Task objective:
Among the lines of data below, reproduce only those from the one with "外观尺寸:415X310X150(mm) ,并可加配铝合金手提箱 |" through the one with "4月15日,九游在线官网_九", exactly as they stand, both ends included.

*** Opening Data for this task ***

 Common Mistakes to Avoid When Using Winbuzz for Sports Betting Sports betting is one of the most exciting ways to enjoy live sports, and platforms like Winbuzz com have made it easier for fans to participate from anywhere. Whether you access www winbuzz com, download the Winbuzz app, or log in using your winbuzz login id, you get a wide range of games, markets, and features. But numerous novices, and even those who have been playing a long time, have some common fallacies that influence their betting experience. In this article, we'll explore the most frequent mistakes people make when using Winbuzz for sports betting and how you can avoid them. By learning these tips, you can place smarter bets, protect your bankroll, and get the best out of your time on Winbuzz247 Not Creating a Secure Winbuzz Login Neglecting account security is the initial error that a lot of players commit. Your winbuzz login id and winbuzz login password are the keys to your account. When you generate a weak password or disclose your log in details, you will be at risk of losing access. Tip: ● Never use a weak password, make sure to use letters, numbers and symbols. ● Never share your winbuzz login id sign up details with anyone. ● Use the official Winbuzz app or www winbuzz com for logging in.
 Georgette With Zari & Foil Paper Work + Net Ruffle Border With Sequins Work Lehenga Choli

*** Closing Data for this task ***
*** Opening Data for this task ***

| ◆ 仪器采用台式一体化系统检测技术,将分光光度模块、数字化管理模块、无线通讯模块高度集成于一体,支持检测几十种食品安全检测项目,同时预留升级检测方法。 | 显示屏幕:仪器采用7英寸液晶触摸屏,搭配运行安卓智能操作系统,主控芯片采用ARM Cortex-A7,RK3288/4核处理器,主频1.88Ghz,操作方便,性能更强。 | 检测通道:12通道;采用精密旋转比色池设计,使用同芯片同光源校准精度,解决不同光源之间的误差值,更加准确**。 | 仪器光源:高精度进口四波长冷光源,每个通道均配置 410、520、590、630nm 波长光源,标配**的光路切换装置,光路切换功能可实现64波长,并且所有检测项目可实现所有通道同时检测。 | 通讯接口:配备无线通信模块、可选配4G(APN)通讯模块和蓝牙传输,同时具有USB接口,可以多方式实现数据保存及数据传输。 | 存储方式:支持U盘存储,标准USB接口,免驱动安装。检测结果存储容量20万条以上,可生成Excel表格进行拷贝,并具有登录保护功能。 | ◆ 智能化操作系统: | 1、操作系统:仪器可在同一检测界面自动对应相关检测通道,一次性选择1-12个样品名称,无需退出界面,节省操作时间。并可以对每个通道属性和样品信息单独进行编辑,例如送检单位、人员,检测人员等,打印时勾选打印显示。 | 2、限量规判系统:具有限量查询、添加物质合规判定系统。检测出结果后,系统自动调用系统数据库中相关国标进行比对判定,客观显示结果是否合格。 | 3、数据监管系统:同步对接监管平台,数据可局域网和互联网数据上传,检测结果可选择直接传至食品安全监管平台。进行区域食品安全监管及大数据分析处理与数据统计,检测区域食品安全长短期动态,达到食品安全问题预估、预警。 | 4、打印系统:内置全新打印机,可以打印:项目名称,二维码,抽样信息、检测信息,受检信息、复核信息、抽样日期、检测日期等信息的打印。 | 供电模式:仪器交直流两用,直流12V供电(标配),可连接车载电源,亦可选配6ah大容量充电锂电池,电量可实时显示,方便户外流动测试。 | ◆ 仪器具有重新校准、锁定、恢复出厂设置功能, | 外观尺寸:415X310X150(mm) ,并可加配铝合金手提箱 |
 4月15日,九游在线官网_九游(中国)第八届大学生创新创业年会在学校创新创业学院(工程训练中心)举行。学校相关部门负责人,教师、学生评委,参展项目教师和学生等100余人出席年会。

*** Closing Data for this task ***

Task result:
| ◆ 仪器采用台式一体化系统检测技术,将分光光度模块、数字化管理模块、无线通讯模块高度集成于一体,支持检测几十种食品安全检测项目,同时预留升级检测方法。 | 显示屏幕:仪器采用7英寸液晶触摸屏,搭配运行安卓智能操作系统,主控芯片采用ARM Cortex-A7,RK3288/4核处理器,主频1.88Ghz,操作方便,性能更强。 | 检测通道:12通道;采用精密旋转比色池设计,使用同芯片同光源校准精度,解决不同光源之间的误差值,更加准确**。 | 仪器光源:高精度进口四波长冷光源,每个通道均配置 410、520、590、630nm 波长光源,标配**的光路切换装置,光路切换功能可实现64波长,并且所有检测项目可实现所有通道同时检测。 | 通讯接口:配备无线通信模块、可选配4G(APN)通讯模块和蓝牙传输,同时具有USB接口,可以多方式实现数据保存及数据传输。 | 存储方式:支持U盘存储,标准USB接口,免驱动安装。检测结果存储容量20万条以上,可生成Excel表格进行拷贝,并具有登录保护功能。 | ◆ 智能化操作系统: | 1、操作系统:仪器可在同一检测界面自动对应相关检测通道,一次性选择1-12个样品名称,无需退出界面,节省操作时间。并可以对每个通道属性和样品信息单独进行编辑,例如送检单位、人员,检测人员等,打印时勾选打印显示。 | 2、限量规判系统:具有限量查询、添加物质合规判定系统。检测出结果后,系统自动调用系统数据库中相关国标进行比对判定,客观显示结果是否合格。 | 3、数据监管系统:同步对接监管平台,数据可局域网和互联网数据上传,检测结果可选择直接传至食品安全监管平台。进行区域食品安全监管及大数据分析处理与数据统计,检测区域食品安全长短期动态,达到食品安全问题预估、预警。 | 4、打印系统:内置全新打印机,可以打印:项目名称,二维码,抽样信息、检测信息,受检信息、复核信息、抽样日期、检测日期等信息的打印。 | 供电模式:仪器交直流两用,直流12V供电(标配),可连接车载电源,亦可选配6ah大容量充电锂电池,电量可实时显示,方便户外流动测试。 | ◆ 仪器具有重新校准、锁定、恢复出厂设置功能, | 外观尺寸:415X310X150(mm) ,并可加配铝合金手提箱 |
 4月15日,九游在线官网_九游(中国)第八届大学生创新创业年会在学校创新创业学院(工程训练中心)举行。学校相关部门负责人,教师、学生评委,参展项目教师和学生等100余人出席年会。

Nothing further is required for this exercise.